The Center Square brings us a headline story reporting on a recent study claiming disproportionate use of force by Chicago police against black residents.  The study (and the story) framed it as a damning indictment of the CPD’s reform efforts under the consent decree. But let’s cut through the narrative: This so-called “study,” cooked up by academics from the University of Texas at San Antonio and the University of Pennsylvania as part of the decree’s mandates, reeks of politically motivated junk science. It’s tied to a consent decree that originated as a political stunt during the Obama administration’s DOJ push after the Laquan McDonald case—essentially, a way for politicians to virtue-signal and seek cover amid public outcry, rather than addressing root causes.

The study’s headline-grabbing stats—73% of force incidents involving black residents, who are 29% of the population—sound alarming, but they’re classic junk results from flawed, agenda-driven methodology. It ignores the elephant in the room: Crime patterns in Chicago show black individuals disproportionately involved in violent incidents, both as victims and suspects, leading to more police contacts naturally. Data from HeyJackass.com, which tracks CPD-reported shootings in real-time, reveals that as of early 2026, 93% of shooting victims (97 out of 104) were Black, and 75% of identified assailants (6 out of 8) were black. This isn’t isolated; it’s a consistent trend, with black Chicagoans bearing the tragic brunt of intra-community violence on the South and West Sides. If police are responding to calls in high-crime areas, encounters (and potential force) will skew accordingly—not because of systemic racism, but because that’s where the 911 calls and shots-fired reports are piling up.

Image courtesy HeyJackass.com

The researchers claim to control for factors like arrests and geography, finding a 52% higher risk of force for black suspects versus whites. But this is where the junk science shines through: Self-reported CPD data is inherently limited and potentially biased toward over-documentation in decree-monitored categories, and the statistical models (regressions, disproportionality ratios) are only as good as their assumptions. If they’re baked with progressive priors assuming bias everywhere, you get outputs that confirm the narrative. No wonder the study was commissioned under the decree’s thumb—it’s not independent science; it’s compliance theater. Politically driven “studies” like this, funded and shaped by reform mandates, aren’t worth the paper they’re printed on, especially when they downplay how over-policing rhetoric might actually deter proactive policing in violent neighborhoods, exacerbating the victim toll.

ACLU’s Alexandra Block spins this as proof of over-policing and failed de-escalation, calling for a “culture shift.” But that’s code for handcuffing cops further, ignoring that rising excessive force allegations (doubling from 2022-2025) could stem from increased scrutiny and reporting requirements under the decree itself, not worsening behavior. Residents’ mistrust? Sure, but it’s bidirectional—cops face dangers in areas where violence is rampant, and simplistic disparity stats don’t capture that reality. If we want real change, focus on addressing crime drivers like gangs, gang culture, poor education and mental health issues, not endless decree bureaucracy that hasn’t budged the needle on safety. This story amplifies a biased take without balancing the crime context, turning a complex issue into anti-police fodder.
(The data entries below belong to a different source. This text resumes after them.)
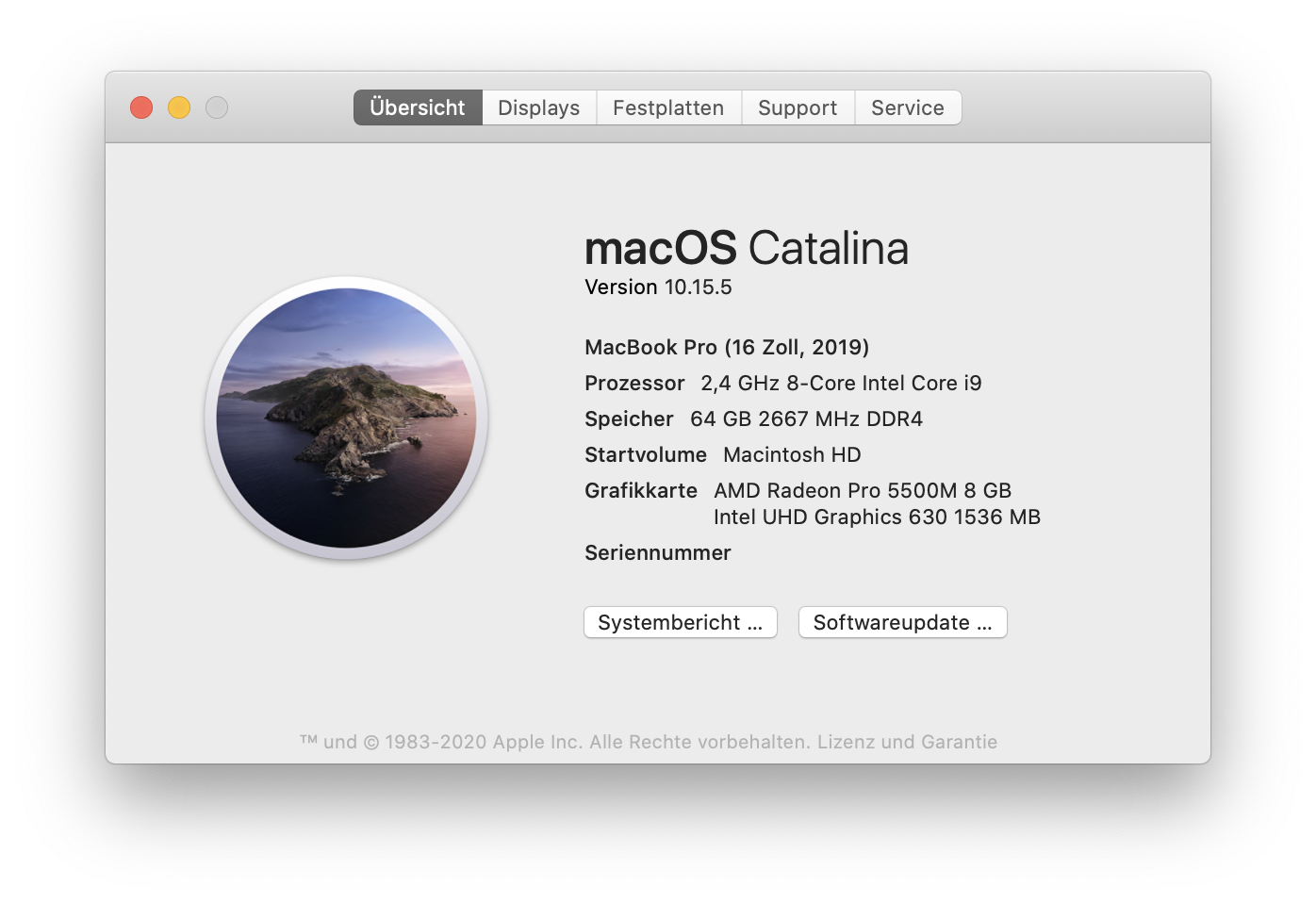 MacBook Pro 16″, macOS 10.15
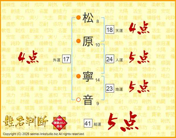 生活面を象徴する運勢です。外部から受ける影響力を表し、結婚運、家庭運や職場、環境への順応性を表します。総運から人運を引いた画数。姓や名が1文字の場合を除く。
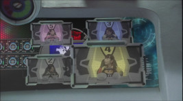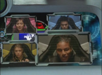 Close-up of the Drill Driver's console display, showing the unmorphed Rangers. |
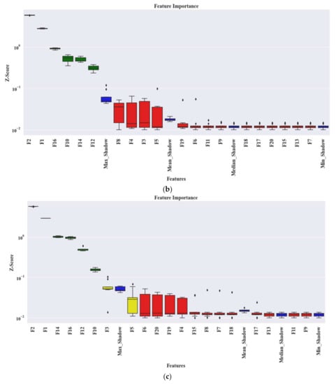 A wrapper approach usually uses a non-parametric classifier for the selection of important features from the complete feature pool. The reason behind considering a non-parametric classifier is to reduce the computational complexity [], along with avoiding the multicollinearity problem []. Boruta is a wrapper-based approach that uses the Random Forest (RF) classifier for the feature selection process. This algorithm first shuffles and permutes all the original feature attributes to create a randomized copy of original feature set. Then, this randomized set of features is added to the original feature set to bring randomness to the feature attributes. Finally, it performs the feature selection process by the RF classifier on those attributes []. Thus, by adding randomness to the feature attributes, this algorithm outperforms the conventional forward/backward selection-based wrapper approaches [,]. The steps of the Boruta algorithm are described below:
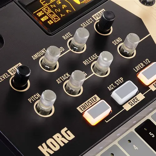 La habitual función Active Step también está presente aquí, que permite a los usuarios desactivar los pasos elegidos de la secuencia actual para realizar variaciones y polirritmias sobre la marcha. Sin embargo, aquí también tenemos una nueva función Slice, que puede añadir redobles a un paso del secuenciador elegido, cuya longitud puede editarse desde el panel frontal.
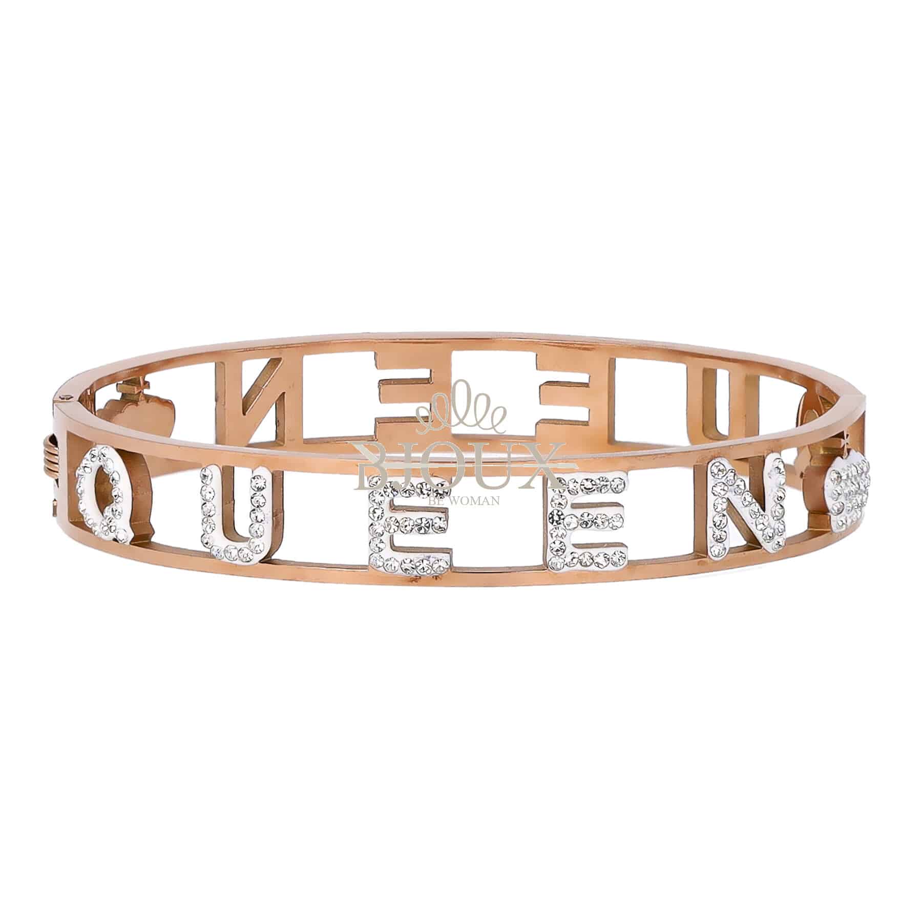 Bracciale bangle in acciaio inossidabile dipinto gold rose con chiusura a scatto. Decorato da scritta con zirconi
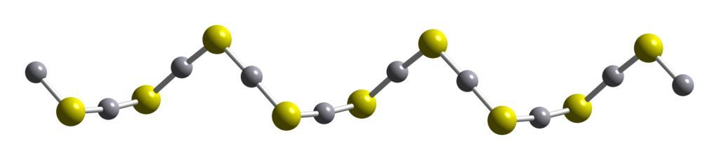 | Keywords: HgS-alpha-cinnabar-helix-from-xtal-1999-CM-3D-balls.png  Ball-and-stick diagram of part of the crystal structure of the alpha polymorph of mercury sulfide α-HgS It is found in nature as the mineral cinnabar Colour code Mercury Hg grey Sulfur S yellow Crystal structure from http //www oldenbourg-link com/loi/zkri Z Krist Supplement Issue 1999 16 95 “95 Image generated in http //www crystalmaker com/ CrystalMaker 8 2 Own 2010-07-16 Ben Mills Benjah-bmm27 Images by Ben Mills Crystal structure of cinnabar |
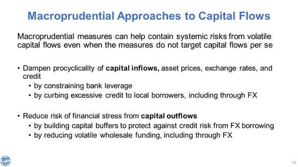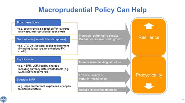 Macroprudential policy increases an economy’s resilience to capital flows, especially during episodes of outflows, by building capital buffers or by reducing the reliance on wholesale funding.
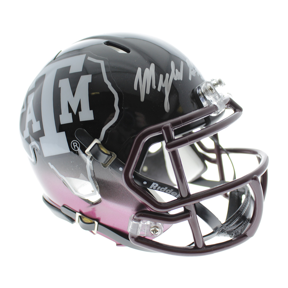 Riddell Texas A&M Aggies Hydro Dipped speed mini helmet has been hand-signed in silver paint pen by Myles Garrett (Cleveland Browns).
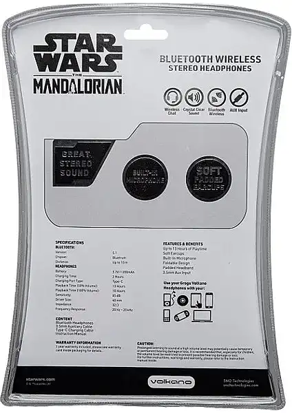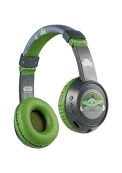 Star Wars Mandalorian Bluetooth Headset with Microphone Wireless Kids' Headphones Licensed SW-9938-GR Bluetooth wireless headphones / wireless headphones with Bluetooth connection Wireless calling with microphone, Wireless chat 12 hours playtime True stereo sound Crystal Clear Sound - smooth music listening quality Aux input / Aux cable Built-in rechargeable Lithium-ion Battery Micro USB charging cable User manual Over-ear headphones for children Size is specially designed for children, there is a maximum volume limit · Ergonomic, adjustable headband suitable for your growing child The ergonomic headband is fully adjustable and comfortably fits every child's head and can be used comfortably by your growing child.
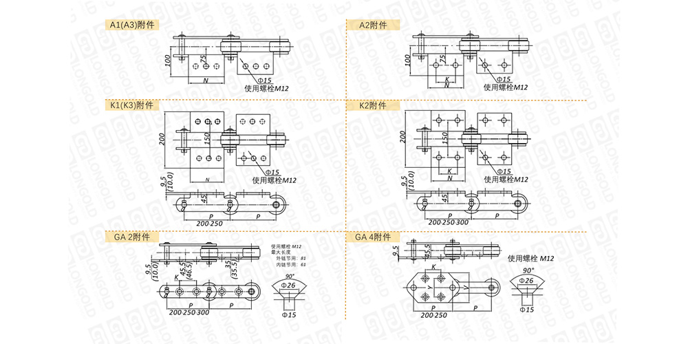 附件是為了將夾具安裝在鏈條上的零部件。可根據(jù)客戶要求設(shè)定安裝間隔。
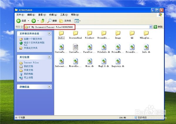 根據(jù)上圖可知,該qq聊天記錄儲存在D:\My Documents\Tencent Files\928625666文件夾下。如下圖:
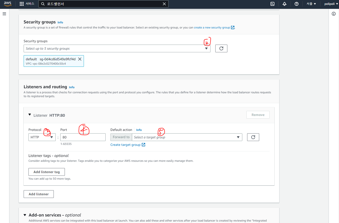 ③ HTTPS를 선택하고 ④ 어떤 포트로 매핑할 것인지 입력해줍니다. ⑤그리고 아까 우리가 만든 Target Group 을 선택해줍니다.
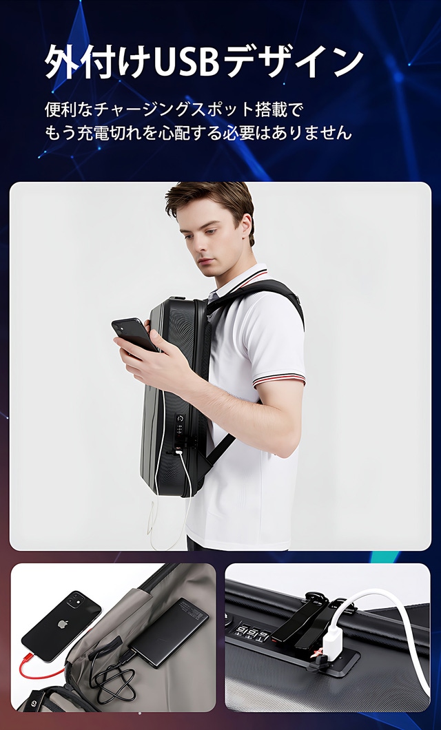 外付けUSB搭載しているため、中のモバイルバッテリーとUSBケーブルを通してスマホ充電が可能です。
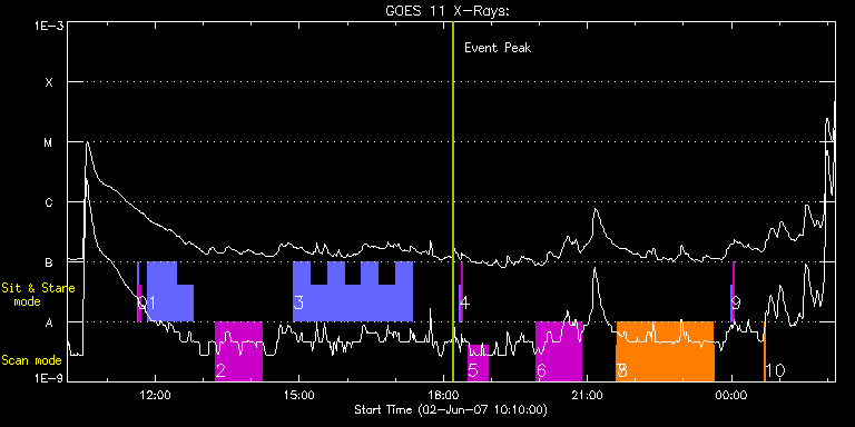EIS Observation timeline overlay to GOES-Xray curve Code 1" 2" 40" 266" EIS Observations list for this event: STUDY ACRONYM ID DATE OBSERVED DESCRIPTION NOAA# TARGET 0 SYNOP001 | 3004 | 2007/06/02 11:37:20 | SYNOP001_40arcsec_1arcsec_30s_90s | | Quiet Sun TIMELINE ID DATE OBSERVED FITS FILE XCEN (+W/-E) YCEN (+N/-S) DUR ----------------------------------------------------------------------------------------------------------------- 3004 | 2007/06/02 11:37:20.000 | eis_l0_20070602_113720.fits.gz | 0.52 | 45.69 | 2m1s 3004 | 2007/06/02 11:39:35.000 | eis_l0_20070602_113935.fits.gz | 0.48 | 45.67 | 2m1s 1 cam_artb_cds_b | 3005 | 2007/06/02 11:50:34 | Active Region Transient Brightenings ( | | Active Region TIMELINE ID DATE OBSERVED FITS FILE XCEN (+W/-E) YCEN (+N/-S) DUR ----------------------------------------------------------------------------------------------------------------- 3005 | 2007/06/02 11:50:34.000 | eis_l0_20070602_115034.fits.gz | 0.18 | -68.63 | 35m19s 3005 | 2007/06/02 12:25:56.000 | eis_l0_20070602_122556.fits.gz | 0.43 | -68.45 | 21m10s 2 HPW008_FULLCCD_RAST | 3006 | 2007/06/02 13:15:20 | HPW008_FULLCCD_RAST_128x128_25s_SLIT1 | | Active Region TIMELINE ID DATE OBSERVED FITS FILE XCEN (+W/-E) YCEN (+N/-S) DUR ----------------------------------------------------------------------------------------------------------------- 3006 | 2007/06/02 13:15:20.000 | eis_l0_20070602_131520.fits.gz | 1.19 | -86.09 | 57m49s 3 cam_artb_cds_b | 3007 | 2007/06/02 14:52:34 | Active Region Transient Brightenings ( | | Active Region TIMELINE ID DATE OBSERVED FITS FILE XCEN (+W/-E) YCEN (+N/-S) DUR ----------------------------------------------------------------------------------------------------------------- 3007 | 2007/06/02 14:52:34.000 | eis_l0_20070602_145234.fits.gz | 0.49 | -68.42 | 21m10s 3007 | 2007/06/02 15:13:47.000 | eis_l0_20070602_151347.fits.gz | 0.43 | -68.47 | 21m10s 3007 | 2007/06/02 15:35:00.000 | eis_l0_20070602_153500.fits.gz | 0.46 | -68.47 | 21m11s 3007 | 2007/06/02 15:56:14.000 | eis_l0_20070602_155614.fits.gz | 0.43 | -68.50 | 21m10s 3007 | 2007/06/02 16:17:27.000 | eis_l0_20070602_161727.fits.gz | 4.52 | -66.42 | 21m10s 3007 | 2007/06/02 16:38:41.000 | eis_l0_20070602_163841.fits.gz | 0.44 | -68.50 | 21m10s 3007 | 2007/06/02 16:59:54.000 | eis_l0_20070602_165954.fits.gz | 0.45 | -68.56 | 21m10s 4 SYNOP001 | 3008 | 2007/06/02 18:19:42 | SYNOP001_40arcsec_1arcsec_30s_90s | | Quiet Sun TIMELINE ID DATE OBSERVED FITS FILE XCEN (+W/-E) YCEN (+N/-S) DUR ----------------------------------------------------------------------------------------------------------------- 3008 | 2007/06/02 18:19:42.000 | eis_l0_20070602_181942.fits.gz | 0.39 | 45.65 | 2m2s 3008 | 2007/06/02 18:21:58.000 | eis_l0_20070602_182158.fits.gz | 0.40 | 45.52 | 2m1s 5 HH_AR+FLR_RAS_N01 | 3009 | 2007/06/02 18:30:12 | HH_AR+FLR_RAS_N01 (EWxNS=240"x240", 5. | | Active Region TIMELINE ID DATE OBSERVED FITS FILE XCEN (+W/-E) YCEN (+N/-S) DUR ----------------------------------------------------------------------------------------------------------------- 3009 | 2007/06/02 18:30:12.000 | eis_l0_20070602_183012.fits.gz | -857.64 | -452.68 | 26m17s 6 HPW008_FULLCCD_RAST | 3010 | 2007/06/02 19:56:12 | HPW008_FULLCCD_RAST_128x128_25s_SLIT1 | | Active Region TIMELINE ID DATE OBSERVED FITS FILE XCEN (+W/-E) YCEN (+N/-S) DUR ----------------------------------------------------------------------------------------------------------------- 3010 | 2007/06/02 19:56:12.000 | eis_l0_20070602_195612.fits.gz | -851.43 | -477.58 | 56m40s 7 SK_AR2_50x240p | 3011 | 2007/06/02 21:35:27 | SK_AR2_50x240p | | Active Region TIMELINE ID DATE OBSERVED FITS FILE XCEN (+W/-E) YCEN (+N/-S) DUR ----------------------------------------------------------------------------------------------------------------- 3011 | 2007/06/02 21:35:27.000 | eis_l0_20070602_213527.fits.gz | -579.88 | -329.18 | 1m28s 8 SK_AR2_8x200p | 3012 | 2007/06/02 21:37:42 | SK_AR2_8x200p | | Active Region TIMELINE ID DATE OBSERVED FITS FILE XCEN (+W/-E) YCEN (+N/-S) DUR ----------------------------------------------------------------------------------------------------------------- 3012 | 2007/06/02 21:37:42.000 | eis_l0_20070602_213742.fits.gz | -579.64 | -339.05 | 11s 3012 | 2007/06/02 21:37:56.000 | eis_l0_20070602_213756.fits.gz | -579.68 | -339.13 | 10s 3012 | 2007/06/02 21:38:09.000 | eis_l0_20070602_213809.fits.gz | -579.61 | -339.10 | 11s 3012 | 2007/06/02 21:38:23.000 | eis_l0_20070602_213823.fits.gz | -579.56 | -339.03 | 11s 3012 | 2007/06/02 21:38:36.000 | eis_l0_20070602_213836.fits.gz | -579.54 | -339.06 | 11s 3012 | 2007/06/02 21:38:50.000 | eis_l0_20070602_213850.fits.gz | -579.52 | -339.12 | 11s 3012 | 2007/06/02 21:39:04.000 | eis_l0_20070602_213904.fits.gz | -579.55 | -339.11 | 11s 3012 | 2007/06/02 21:39:17.000 | eis_l0_20070602_213917.fits.gz | -579.46 | -339.02 | 11s 3012 | 2007/06/02 21:39:31.000 | eis_l0_20070602_213931.fits.gz | -579.45 | -339.02 | 11s 3012 | 2007/06/02 21:39:45.000 | eis_l0_20070602_213945.fits.gz | -579.41 | -339.00 | 11s 3012 | 2007/06/02 21:39:58.000 | eis_l0_20070602_213958.fits.gz | -579.41 | -339.00 | 11s 3012 | 2007/06/02 21:40:12.000 | eis_l0_20070602_214012.fits.gz | -579.40 | -339.02 | 11s 3012 | 2007/06/02 21:40:26.000 | eis_l0_20070602_214026.fits.gz | -579.33 | -339.00 | 10s 3012 | 2007/06/02 21:40:39.000 | eis_l0_20070602_214039.fits.gz | -579.33 | -339.00 | 11s 3012 | 2007/06/02 21:40:53.000 | eis_l0_20070602_214053.fits.gz | -579.26 | -338.97 | 10s 3012 | 2007/06/02 21:41:06.000 | eis_l0_20070602_214106.fits.gz | -579.39 | -338.99 | 11s 3012 | 2007/06/02 21:41:20.000 | eis_l0_20070602_214120.fits.gz | -579.25 | -338.94 | 10s 3012 | 2007/06/02 21:41:33.000 | eis_l0_20070602_214133.fits.gz | -579.24 | -338.92 | 11s 3012 | 2007/06/02 21:41:47.000 | eis_l0_20070602_214147.fits.gz | -579.24 | -338.96 | 11s 3012 | 2007/06/02 21:42:00.000 | eis_l0_20070602_214200.fits.gz | -579.19 | -338.84 | 11s 3012 | 2007/06/02 21:42:14
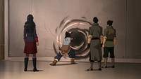 - Korra employs a style of earthbending used by both Toph and Aang while trying to pry open the metal wall, by flicking her wrists inward rather than with a full fist.
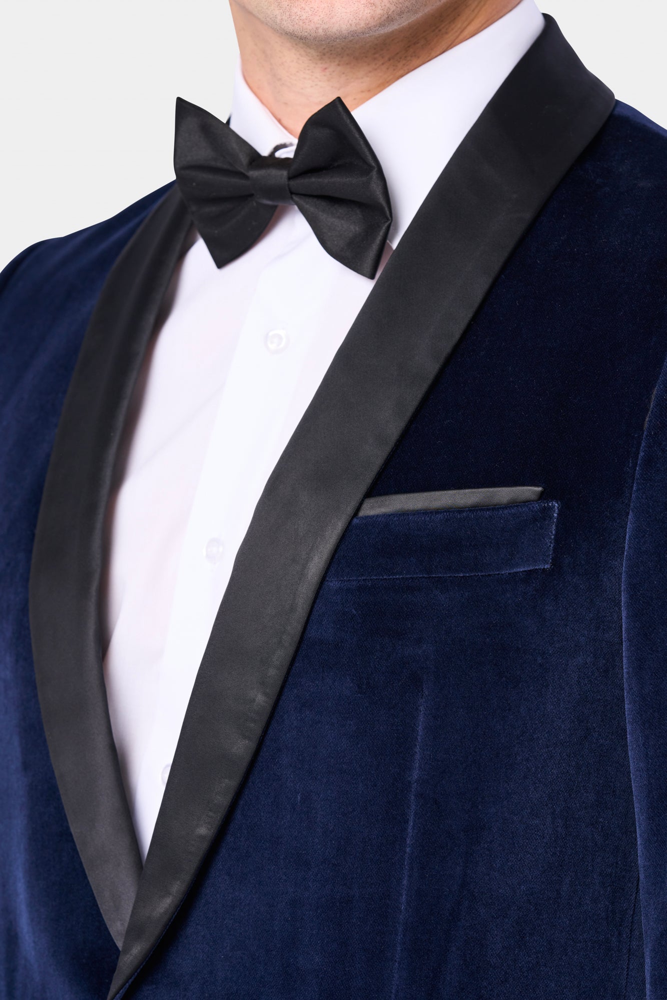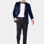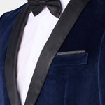 Look stylish and confident in this navy blue velvet shawl collar tuxedo, meticulously designed for today's fashionable gentleman. Cut for special occasions; this tuxedo features a slim-fit single-button velvet jacket with a striking shawl collar and matching velvet pants for an elegantly bold look. In addition, the navy blue velvet shawl lapel tuxedo is perfect for weddings and formal occasions.

The Center Square is usually better than this.

Here’s the garbage dump over at TCS:

(The Center Square) – American Civil Liberties Union Director Alexandra Block argues a new study showing black city residents disproportionately face aggression at the hands of Chicago police much more than whites should be viewed as an indictment against the whole system.

Researchers from the University of Texas San Antonio and the University of Pennsylvania studied upwards of 8,000 incidents over a four-year period where force was used, concluding that in 73% of all such incidents it was directed at a black resident, even though they comprise just 29% of the overall population.

“What this really tells us is that the consent decree, which is the court order that is supposed to be reforming the Chicago Police Department and that required the police department to do the study, is not achieving the kind of changes on the streets of Chicago,” Block told The Center Square. “The central goal of the consent decree was to bring down force against community members and especially community members of color and that is not happening.”

Block adds much of the data uncovered essentially makes clear why the disparities exist as they do.

“We suspect that a lot of the problem is over policing,” she said. “That police are just initiating encounters with members of the community that they don’t need to; that police are responding to calls, for example, of people in a mental or behavioral health crisis where an alternative response would be better. It’s going to take a sustained, department-wide culture shift to a culture of community policing, a culture of de-escalation and not a culture of what we can get away with and claim that it’s within CPD policy.”

Over-policing?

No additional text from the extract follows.